**YOUR OBJECTIVE**
Starting at the line that contains "四川高考专科批设置9个平行志愿,每个学校志愿内设置6个专业志愿。", write out every line to the end of the records below exactly, and leave out the pictures.

╭─ LISTED RECORDS

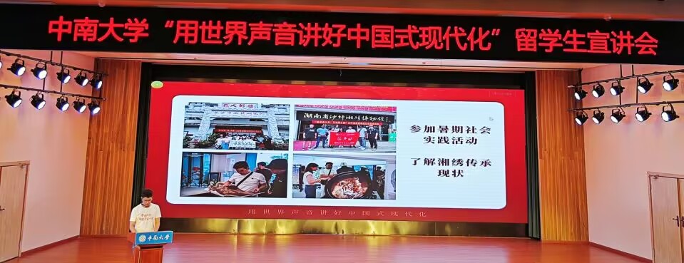 中南大學土木工程學院團支部赴長沙市開福區茶子山村“講好中國故事”國際學生專項暑期社會實踐團成員邵艾卜圍繞源遠流長的湖湘文化、青春活力的長沙、湘繡文化的保護與傳承、家鄉也門的文化與中國文化等方面講述中國式現代化的精彩故事,用希望的旋律編織了美好的未來,用世界聲音傳遞中國式現代化,用自己對湘繡文化的理解和社會實踐得來的感悟,喚起了中學生們對湖湘文化的濃厚興趣。他展現了湘繡的瑰麗與精湛,傳遞了湘繡文化傳承的重要意義和社會實踐的深刻內涵。
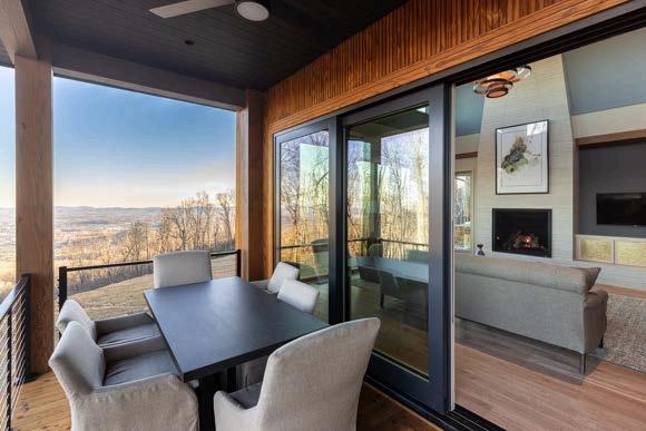 Casa Bonita's outdoor spaces seamlessly blend with nature, featuring expansive terraces for stunning mountain views and protective overhangs for shade. They enhance the mountain living experience, perfect for enjoying coffee or evening fires year-round.
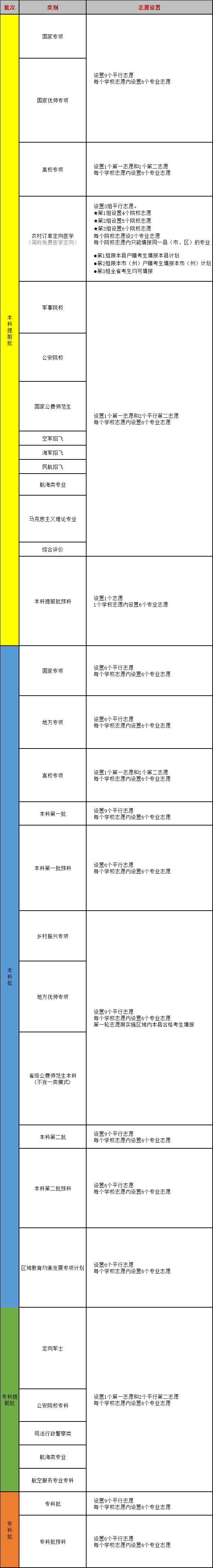 四川高考专科批设置9个平行志愿,每个学校志愿内设置6个专业志愿。
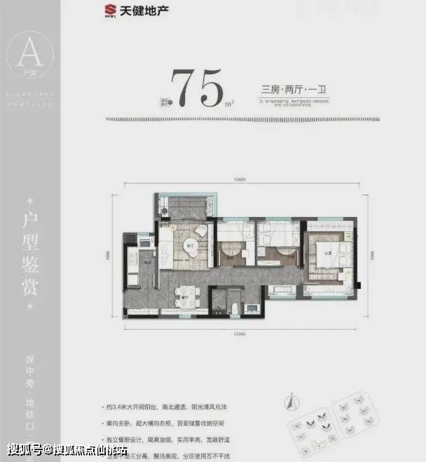 75㎡的3房2厅1卫:设计的是竖厅南北通透格局,进门入户玄关,客厅3.4米开间,L型厨房,卫生间三段式分离,得房率81.3%(不含赠送),阳台朝西北或东北向。
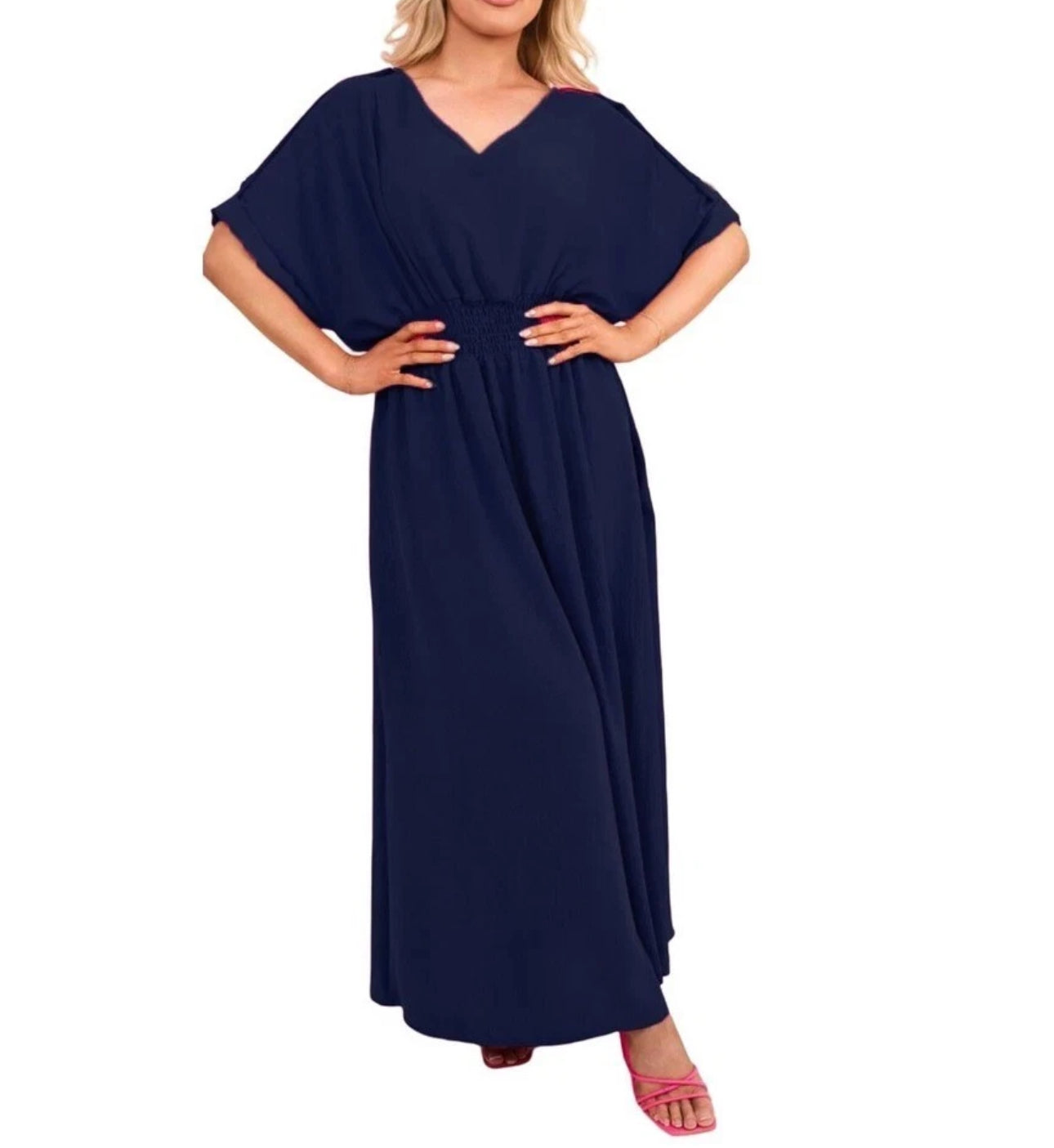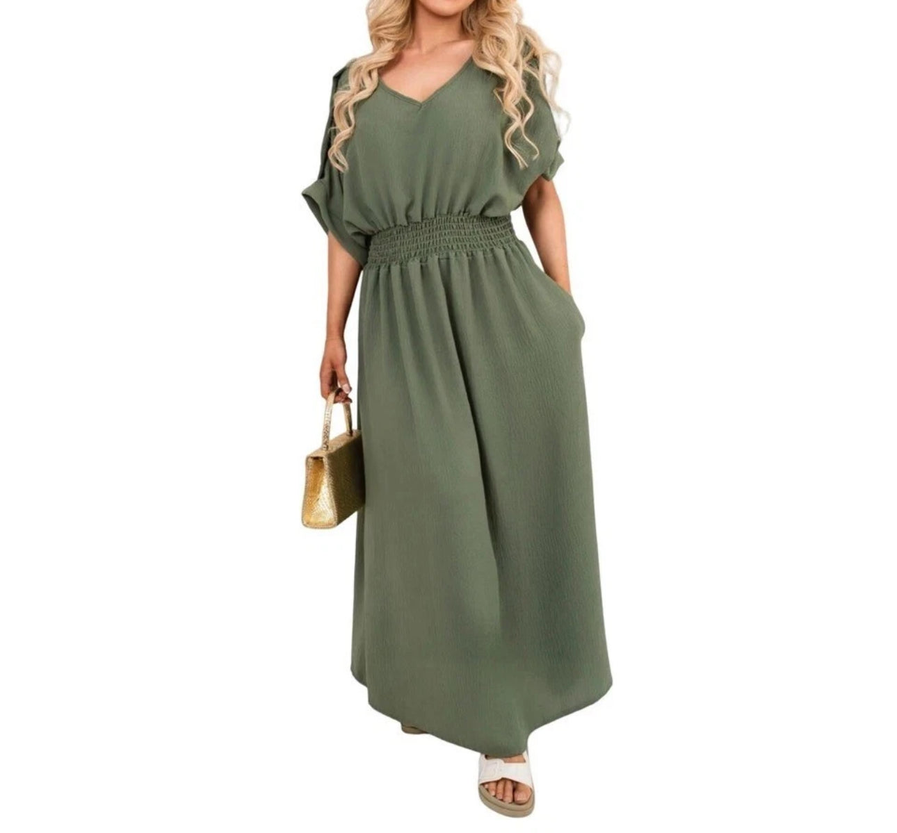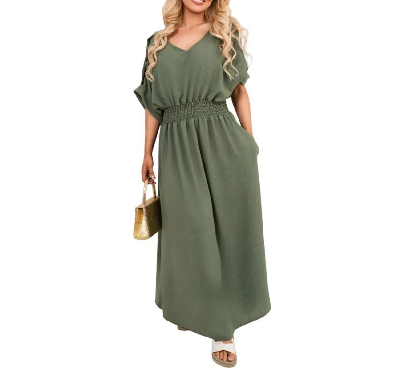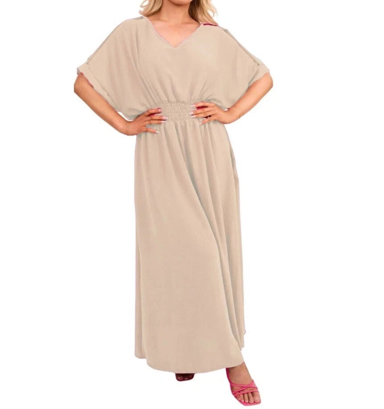 Ladies Short Sleeve Pleated Sheering Summer Beach Dress with Pockets

╰─

**SOLUTION TO THIS PROBLEM**
 四川高考专科批设置9个平行志愿,每个学校志愿内设置6个专业志愿。
 75㎡的3房2厅1卫:设计的是竖厅南北通透格局,进门入户玄关,客厅3.4米开间,L型厨房,卫生间三段式分离,得房率81.3%(不含赠送),阳台朝西北或东北向。
 Ladies Short Sleeve Pleated Sheering Summer Beach Dress with Pockets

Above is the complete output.